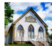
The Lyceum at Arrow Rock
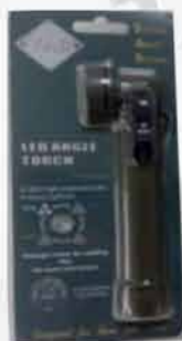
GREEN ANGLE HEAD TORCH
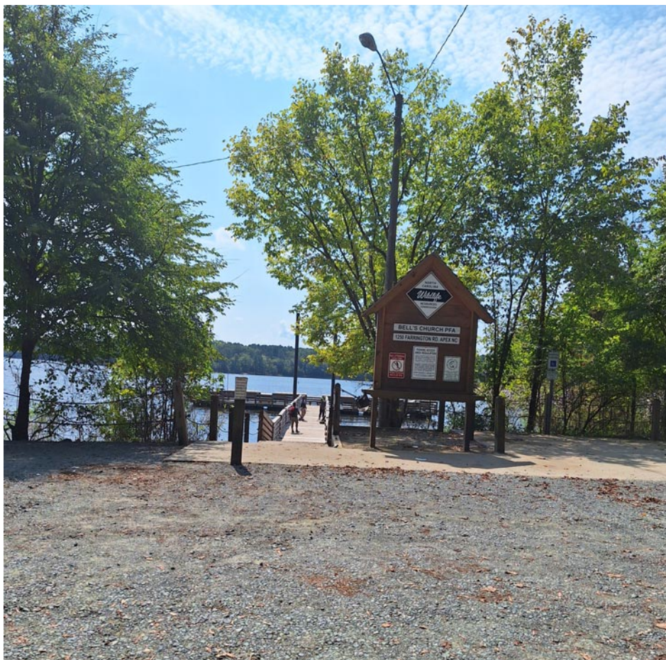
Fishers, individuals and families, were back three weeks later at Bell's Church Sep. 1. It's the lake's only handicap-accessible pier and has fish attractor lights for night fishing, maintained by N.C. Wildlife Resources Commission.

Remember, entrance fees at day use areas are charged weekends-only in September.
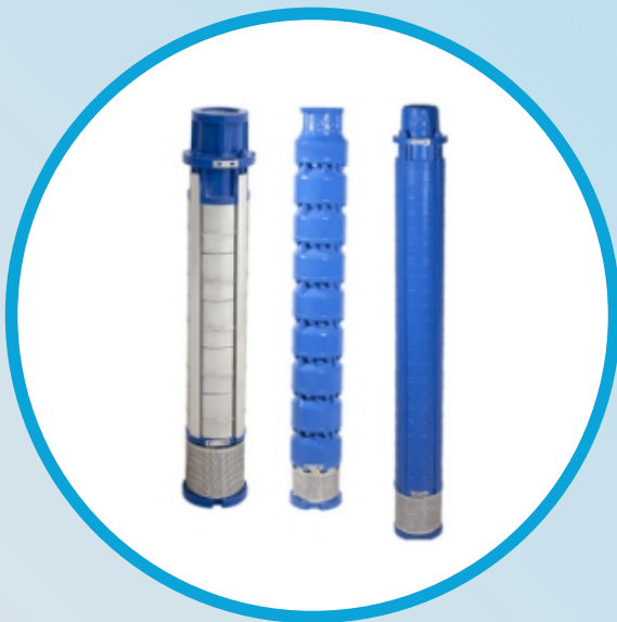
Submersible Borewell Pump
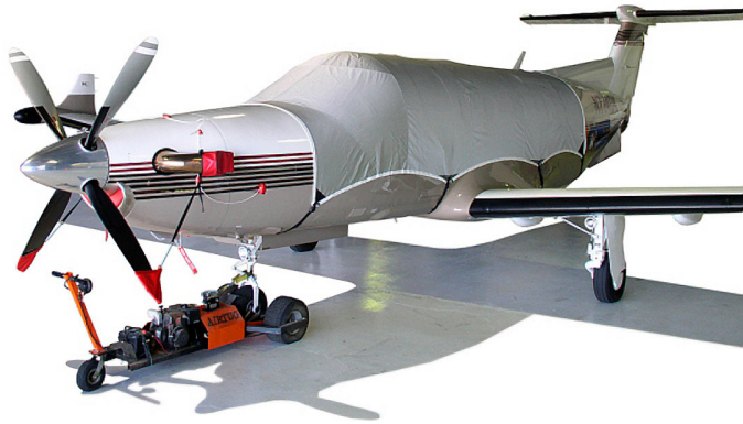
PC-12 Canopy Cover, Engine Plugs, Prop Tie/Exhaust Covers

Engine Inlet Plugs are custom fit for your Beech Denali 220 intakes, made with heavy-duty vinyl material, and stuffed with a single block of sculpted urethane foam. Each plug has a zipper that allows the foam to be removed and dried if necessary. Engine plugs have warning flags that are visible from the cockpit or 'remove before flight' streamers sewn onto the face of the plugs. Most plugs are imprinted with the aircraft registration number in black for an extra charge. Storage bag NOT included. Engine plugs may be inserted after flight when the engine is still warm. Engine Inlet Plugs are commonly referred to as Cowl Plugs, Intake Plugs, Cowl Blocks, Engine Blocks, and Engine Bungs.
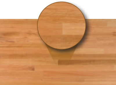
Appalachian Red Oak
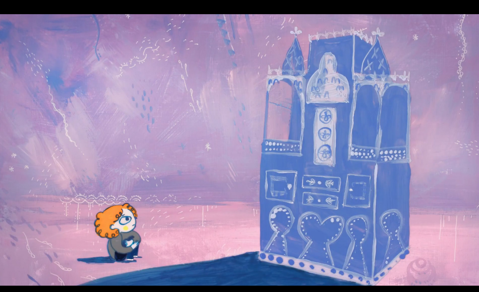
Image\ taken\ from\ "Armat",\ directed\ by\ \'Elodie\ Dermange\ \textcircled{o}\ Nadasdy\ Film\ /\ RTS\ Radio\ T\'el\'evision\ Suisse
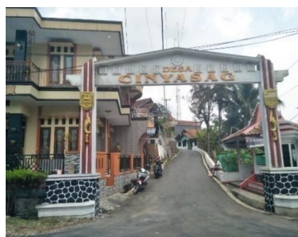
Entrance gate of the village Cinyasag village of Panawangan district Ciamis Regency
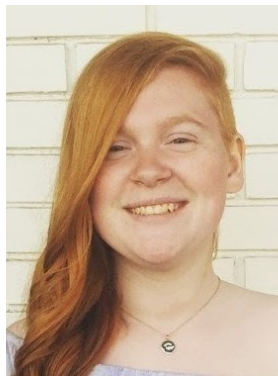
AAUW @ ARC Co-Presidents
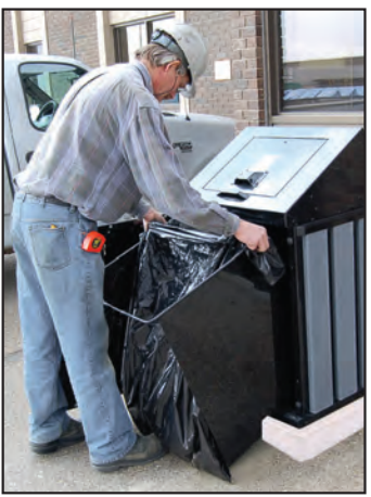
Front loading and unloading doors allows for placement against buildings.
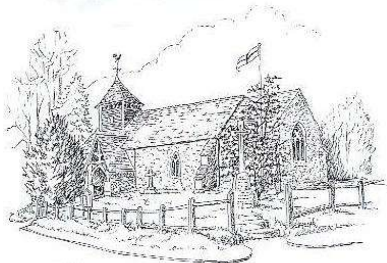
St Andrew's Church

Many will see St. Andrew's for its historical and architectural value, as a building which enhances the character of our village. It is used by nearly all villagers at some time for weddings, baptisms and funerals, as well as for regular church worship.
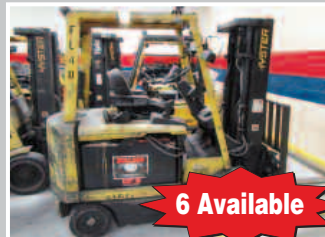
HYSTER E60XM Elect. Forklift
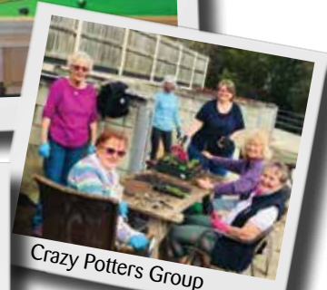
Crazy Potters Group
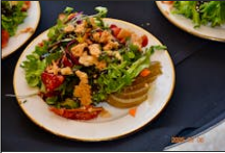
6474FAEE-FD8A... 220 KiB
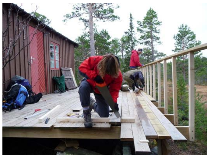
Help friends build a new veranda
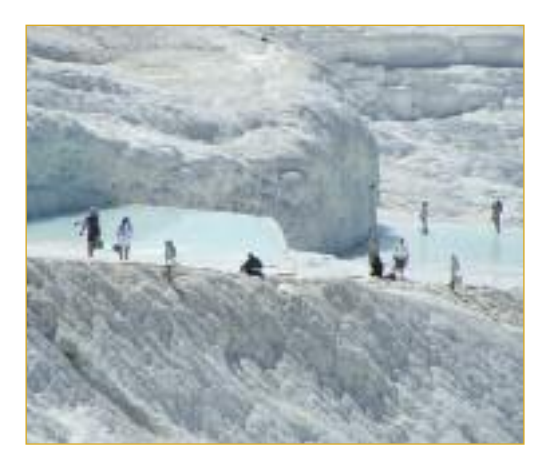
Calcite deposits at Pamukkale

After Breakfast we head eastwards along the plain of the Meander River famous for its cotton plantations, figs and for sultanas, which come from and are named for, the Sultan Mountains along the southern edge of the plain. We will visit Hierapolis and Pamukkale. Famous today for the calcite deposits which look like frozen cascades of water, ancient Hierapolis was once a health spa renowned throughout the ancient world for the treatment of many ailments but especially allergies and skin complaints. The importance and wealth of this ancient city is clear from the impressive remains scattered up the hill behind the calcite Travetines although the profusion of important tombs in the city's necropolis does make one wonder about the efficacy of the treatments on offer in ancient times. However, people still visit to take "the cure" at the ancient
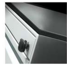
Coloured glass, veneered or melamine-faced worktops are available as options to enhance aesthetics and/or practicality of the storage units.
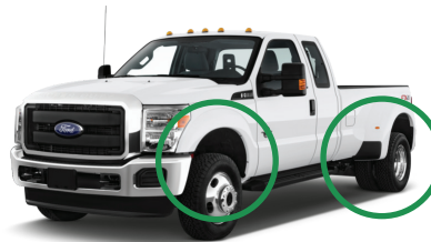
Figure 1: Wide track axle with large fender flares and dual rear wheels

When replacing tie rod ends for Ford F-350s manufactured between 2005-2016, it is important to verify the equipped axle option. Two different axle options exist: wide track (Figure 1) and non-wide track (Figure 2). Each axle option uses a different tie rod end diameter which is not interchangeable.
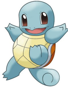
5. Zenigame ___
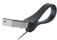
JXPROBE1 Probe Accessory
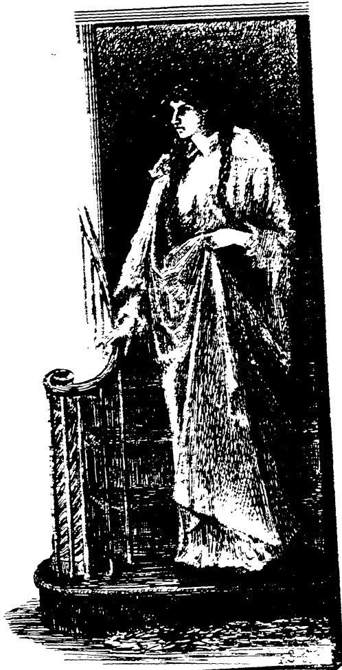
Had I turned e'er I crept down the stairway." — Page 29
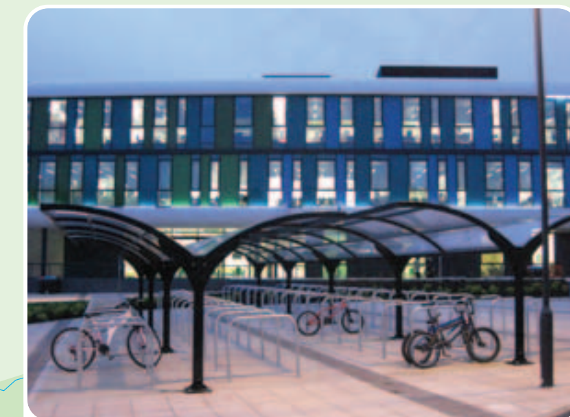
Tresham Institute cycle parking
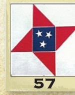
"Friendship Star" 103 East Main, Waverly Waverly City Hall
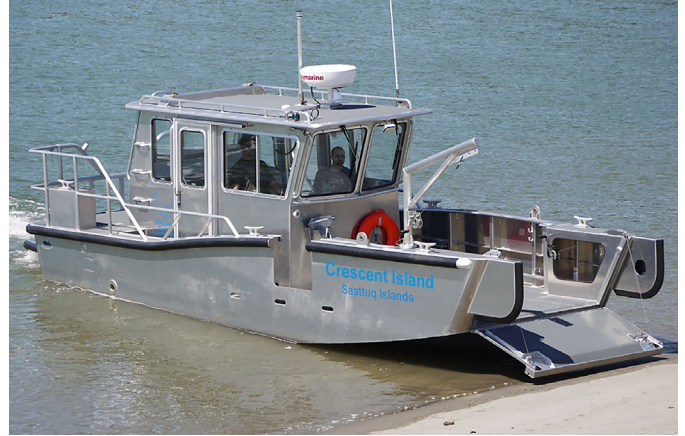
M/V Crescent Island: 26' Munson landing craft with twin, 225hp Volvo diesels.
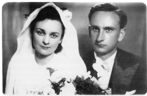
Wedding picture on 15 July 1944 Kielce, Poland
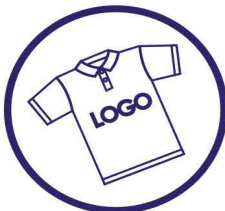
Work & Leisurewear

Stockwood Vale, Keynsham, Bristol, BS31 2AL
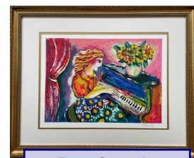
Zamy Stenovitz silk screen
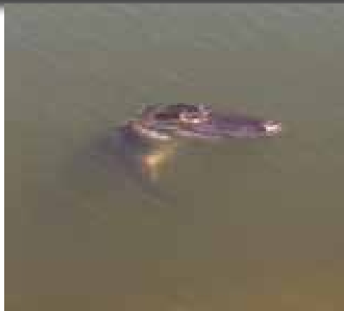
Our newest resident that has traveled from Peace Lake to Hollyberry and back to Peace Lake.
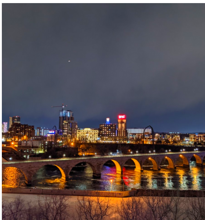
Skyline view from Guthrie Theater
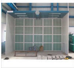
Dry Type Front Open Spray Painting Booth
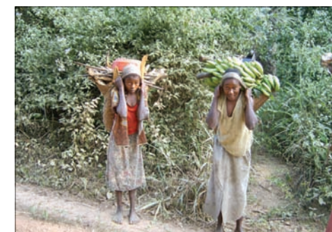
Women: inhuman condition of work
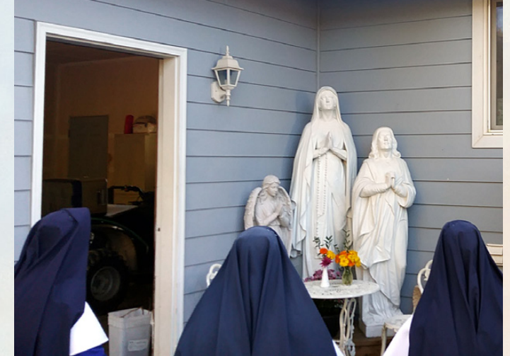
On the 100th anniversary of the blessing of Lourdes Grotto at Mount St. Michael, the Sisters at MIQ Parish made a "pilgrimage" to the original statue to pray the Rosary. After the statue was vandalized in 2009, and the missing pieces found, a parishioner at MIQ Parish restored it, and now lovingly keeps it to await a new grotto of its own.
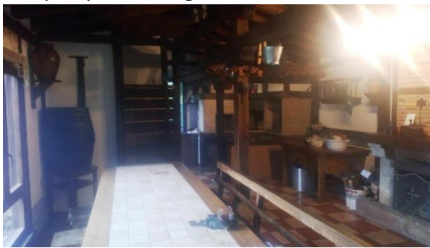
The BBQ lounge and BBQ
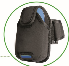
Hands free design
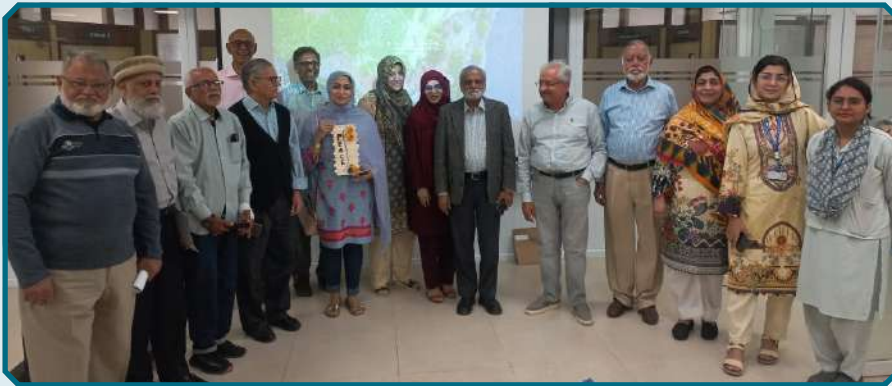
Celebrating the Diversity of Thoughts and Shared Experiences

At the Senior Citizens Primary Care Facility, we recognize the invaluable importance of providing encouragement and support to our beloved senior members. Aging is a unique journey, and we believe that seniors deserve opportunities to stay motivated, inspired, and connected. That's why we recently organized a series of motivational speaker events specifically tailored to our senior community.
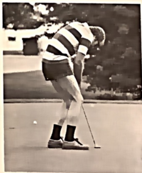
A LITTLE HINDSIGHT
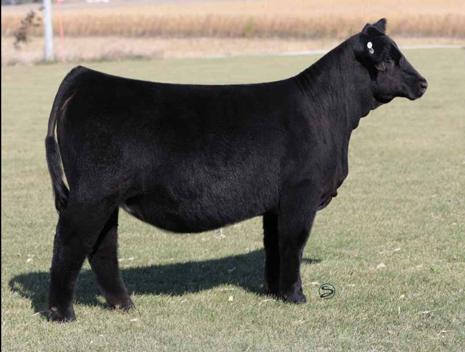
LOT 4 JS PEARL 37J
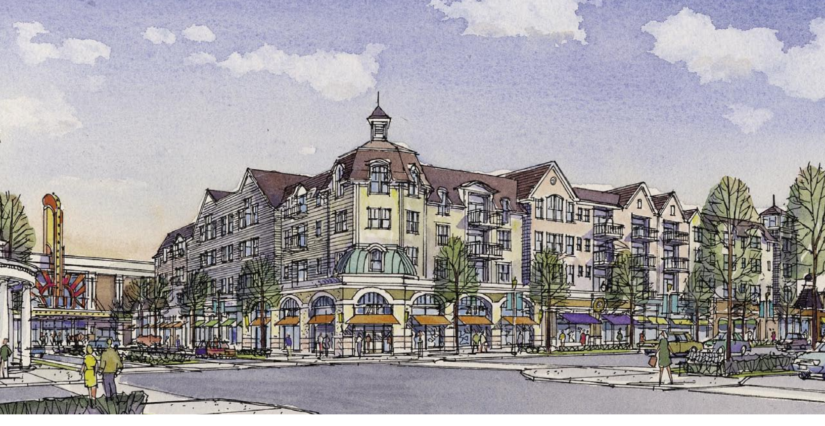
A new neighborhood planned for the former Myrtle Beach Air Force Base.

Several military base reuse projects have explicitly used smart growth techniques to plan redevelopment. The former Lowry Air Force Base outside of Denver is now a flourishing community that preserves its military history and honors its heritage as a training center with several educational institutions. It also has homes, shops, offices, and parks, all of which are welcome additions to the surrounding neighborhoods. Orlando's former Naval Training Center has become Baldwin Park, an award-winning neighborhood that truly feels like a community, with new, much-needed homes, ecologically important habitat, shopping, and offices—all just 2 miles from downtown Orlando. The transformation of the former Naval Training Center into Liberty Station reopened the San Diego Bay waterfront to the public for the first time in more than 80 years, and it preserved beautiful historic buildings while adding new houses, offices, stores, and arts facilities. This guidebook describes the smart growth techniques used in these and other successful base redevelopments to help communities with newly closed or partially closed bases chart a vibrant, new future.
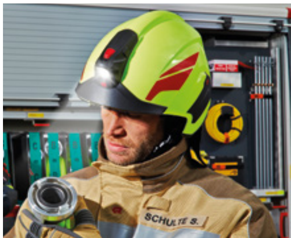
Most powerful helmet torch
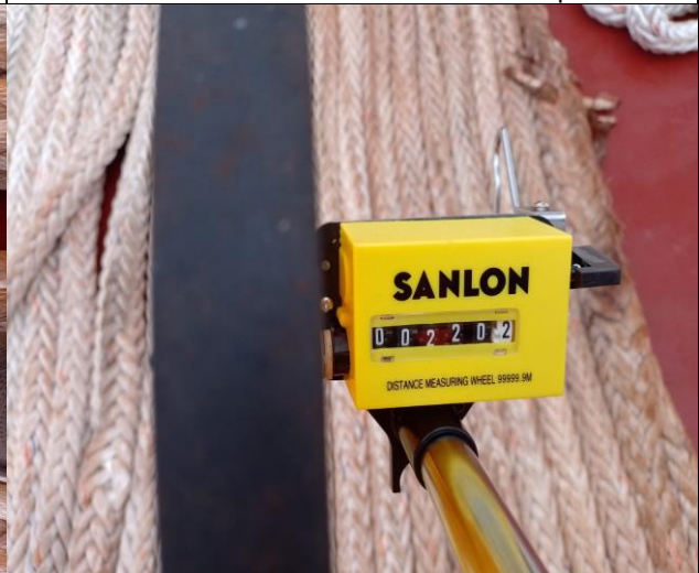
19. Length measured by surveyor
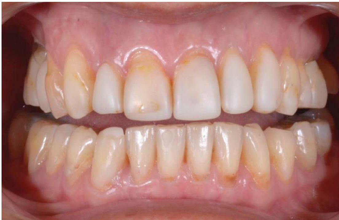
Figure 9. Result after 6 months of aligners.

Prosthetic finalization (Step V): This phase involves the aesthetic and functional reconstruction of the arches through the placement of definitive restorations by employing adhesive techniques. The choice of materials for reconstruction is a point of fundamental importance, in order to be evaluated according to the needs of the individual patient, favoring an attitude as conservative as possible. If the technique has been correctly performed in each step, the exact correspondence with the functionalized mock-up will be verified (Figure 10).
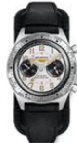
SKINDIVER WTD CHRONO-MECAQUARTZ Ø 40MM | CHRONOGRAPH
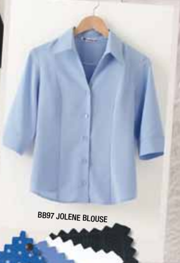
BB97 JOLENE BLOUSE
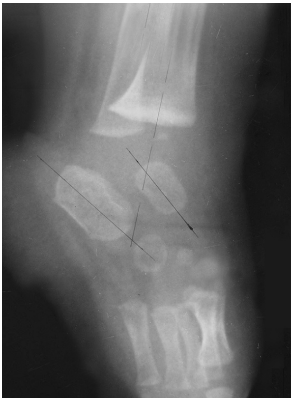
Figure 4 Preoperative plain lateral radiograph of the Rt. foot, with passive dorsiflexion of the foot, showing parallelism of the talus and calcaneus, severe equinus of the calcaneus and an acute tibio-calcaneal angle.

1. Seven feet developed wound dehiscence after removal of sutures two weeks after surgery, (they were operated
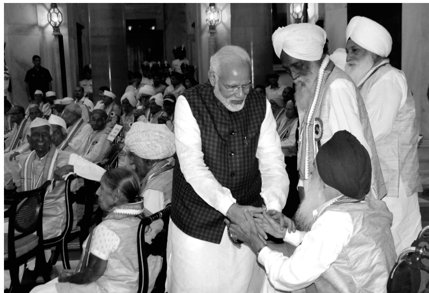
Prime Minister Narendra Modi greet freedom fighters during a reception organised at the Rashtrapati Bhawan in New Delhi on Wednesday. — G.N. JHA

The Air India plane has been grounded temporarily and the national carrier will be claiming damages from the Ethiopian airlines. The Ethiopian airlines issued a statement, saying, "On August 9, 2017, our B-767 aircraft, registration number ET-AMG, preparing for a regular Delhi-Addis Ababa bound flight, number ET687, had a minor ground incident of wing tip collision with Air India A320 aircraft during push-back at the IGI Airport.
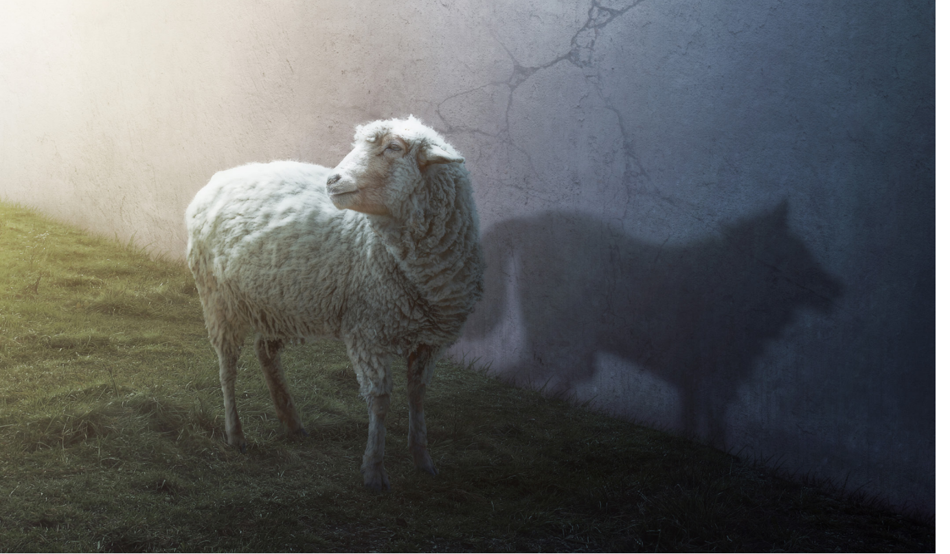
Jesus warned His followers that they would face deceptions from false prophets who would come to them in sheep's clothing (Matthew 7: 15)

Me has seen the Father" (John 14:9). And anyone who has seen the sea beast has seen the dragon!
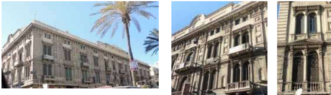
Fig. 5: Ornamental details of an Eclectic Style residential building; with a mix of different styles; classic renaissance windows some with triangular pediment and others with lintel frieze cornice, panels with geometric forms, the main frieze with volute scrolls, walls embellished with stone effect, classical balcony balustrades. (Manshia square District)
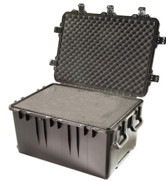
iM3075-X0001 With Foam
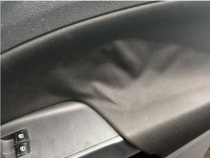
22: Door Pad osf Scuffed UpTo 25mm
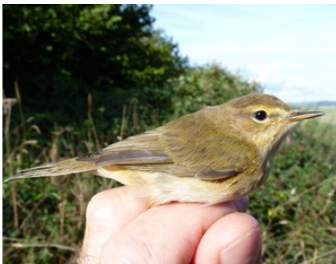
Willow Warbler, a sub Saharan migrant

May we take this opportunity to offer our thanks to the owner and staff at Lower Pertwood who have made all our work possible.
+ + + + +
Problem description - Counting the lines above that hold "during", reply with the number and no other words.

Answer to this problem - 2